Role of independent software vendor heightens in cloud context.

Phil Goldie - Director of Partner Development, Microsoft

Phil Goldie - Director of Partner Development, Microsoft

From Cape York Peninsula in Queensland, to South East Cape in Tasmania, over 10,000 partners make up the Microsoft ecosystem in Australia.

Amidst the channel chaos however, one subset is innovating from the epicentre.

“The ISVs are taking centre stage,” Microsoft director of partner development, Phil Goldie, said.

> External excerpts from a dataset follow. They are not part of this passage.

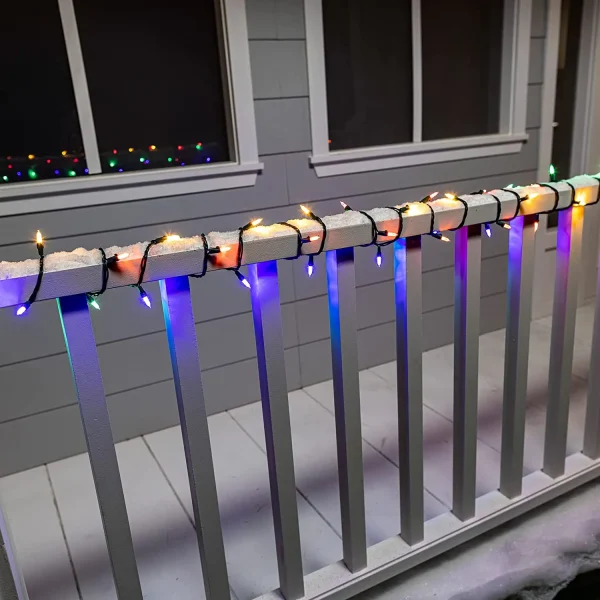 Both indoor and outdoor decoration is made easy with these adaptable multicolor Christmas string lights. Your Christmas trees, mantels, railings, outdoor walks, and porches may all benefit from their festive hue. These Christmas lights have a traditional appearance thanks to the sturdy white plastic sockets, and the lovely display that the green wire creates makes them ideal for your holiday party or get-together. Three sets of 150 bright incandescent Christmas lights are included in our green wire string lights. Each pair has a length of 38.7 feet with 3-inch spacing. 60.2-watt conventional 120-volt domestic power supply. You may link four sets end to end. comes with 3 fuses and 9 additional bulbs.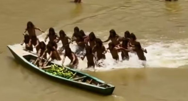 Sur ces images, on voit des membres de la tribu sur une plage. Ceux-ci observent en direction de Paul Rosolie et de son équipe. Si les autochtones sont armés de leur arcs, ils ne semblent pas vouloir les utiliser contre les visiteurs.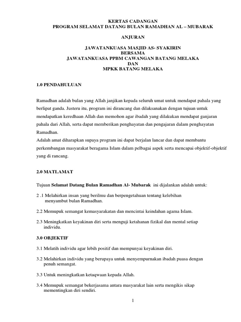 . KERTAS KERJA BAGI MEMOHON SUMBANGAN DERMA UNTUK TABUNG PEMBINAAN MASJID TAMAN PUNCAK JALIL BANDAR PUTRA PERMAI 43300 SERI KEMBANGAN SELANGOR DARUL EHSAN Alamat Surat-menyurat-Jawatankuasa Pembinaan Masjid Taman Puncak Jalil No. PENUTUP Diharapkan melalui Program Ihya Ramadhan ini dapat memberi kesan dan penghayatan. Kertas kerja ihya ramadhan sktd 2020.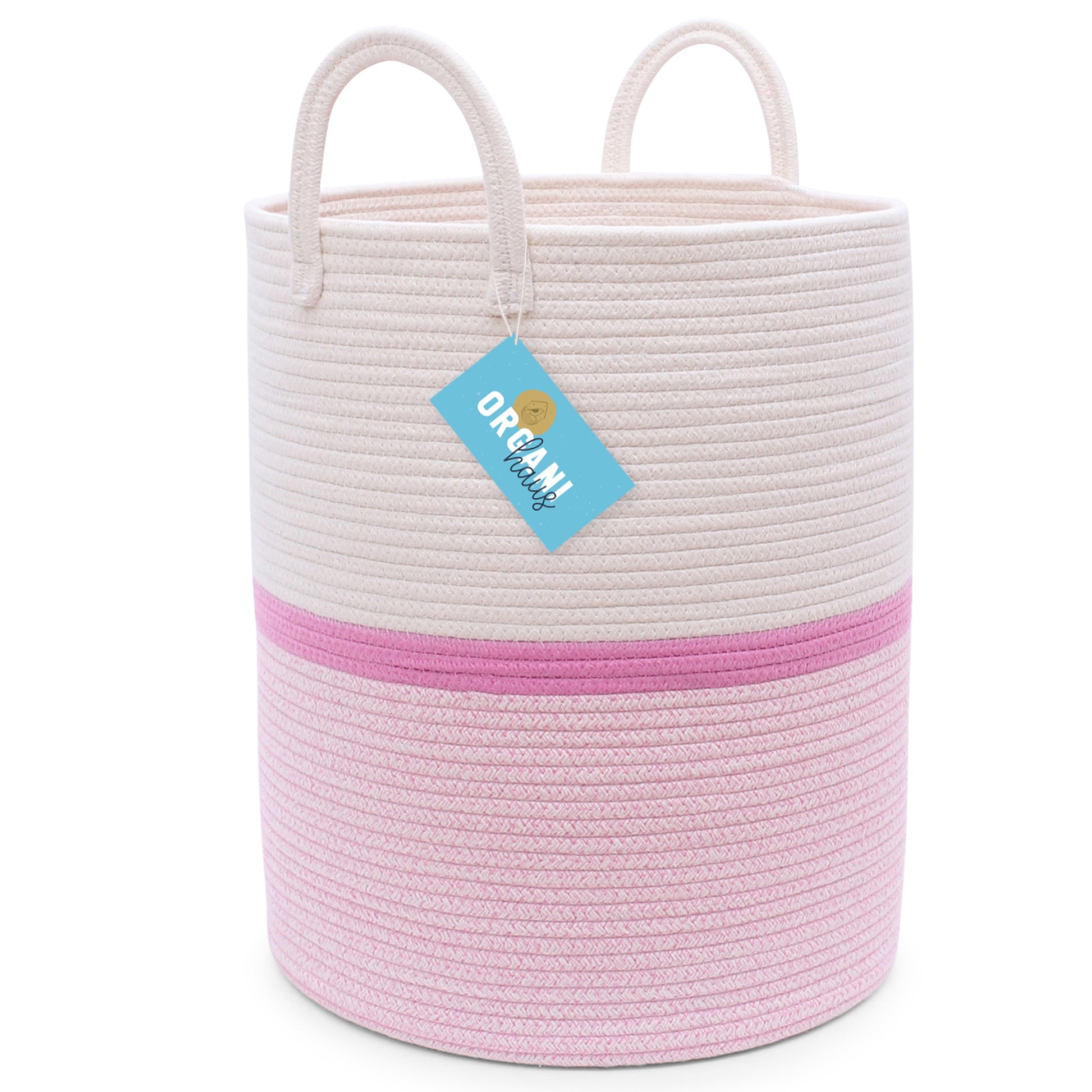 ⭐️ CUTE LARGE ROPE BASKET woven to perfection with natural cotton rope. Big oversized handles. These are beautiful baskets that look impressive in any room of your home or business. We offer these in two favorite sizes 20" x 13" and 15" x 18". Available in Gray, Blue, and Pink for adults, boys, and girls.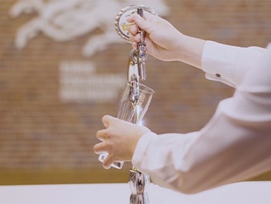 オンライン工場見学では特別に、ご自身でサーバーから一番搾りを注ぐ疑似体験をお楽しみいただけます!臨場感のある映像と立体音響で体感しよう!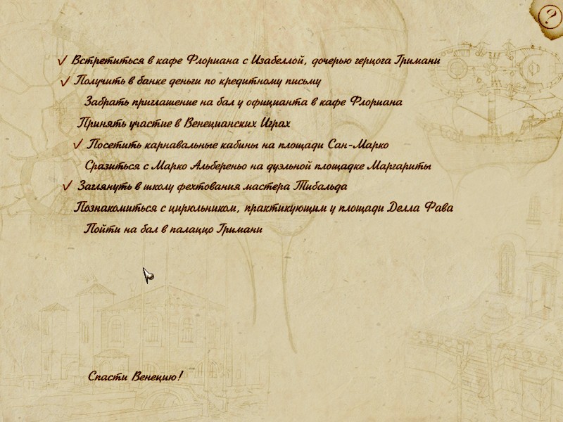 Перечень задач в начале игры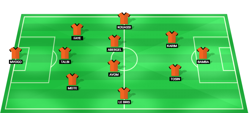Mvogo (GK), Meite (DF), Talbi (DF), Faye (DF), Le Bris (MF), Avom (MF), Abergel (MF), Kouassi (MF), Tosin (AM), Karim (AM), Bamba (FW)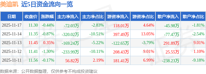 证券之星消息,截至2025年11月17日收盘,美迪凯(688079)报收于11.3元,下跌0.44%,换手率0.56%,成交量2.24万手,成交额2541.06万元。
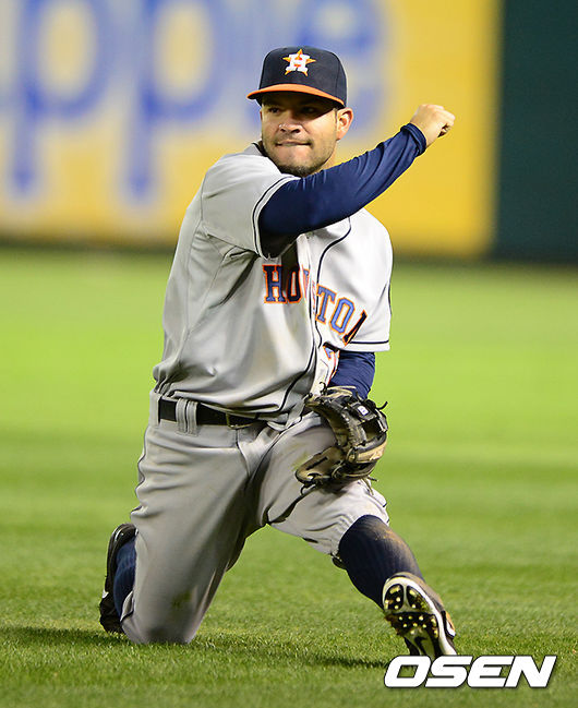 8회말 1사에서 휴스턴 호세 알튜브가 텍사스 필더의 2루 땅볼 타구를 잡아 1루로 송구, 아웃시키고 있다. /jpnews@osen.co.kr

Speaking to ARN, Goldie hammered home Redmond’s readiness to let its ISV community loose on its traditional channel base, highlighting a fundamental shift in how cloud is changing the partner ecosystem across the country.

“There’s a need to become very focused within the cloud through differentiation and specialisation, whether that’s at a technology or industry level,” Goldie added.

“It’s been a huge part of Microsoft’s DNA in terms of working as a platform organisation with some of the leading software companies and as we’ve moved to the cloud we’ve continued to grow our investment both globally and locally, and increase our work with ISVs.”

While Microsoft’s deep-seated desire to place ISVs at the heart of ongoing channel strategies isn’t new, the vendor’s message to its conventional channel is strengthening.

“It’s key for our traditional channel to think about connecting the dots,” Goldie added.

“The notion of specialisation means you’ll do one, two or three pieces of the puzzle and everything else from a customer perspective will come from different partnerships.

“We have over 10,000 partners in Australia and they are all at different stages of the evolution process, with both leaders and laggards.

“But the point of connection for the Microsoft ecosystem is based around understanding the partnerships that need to be formed with ISVs and other software vendors.”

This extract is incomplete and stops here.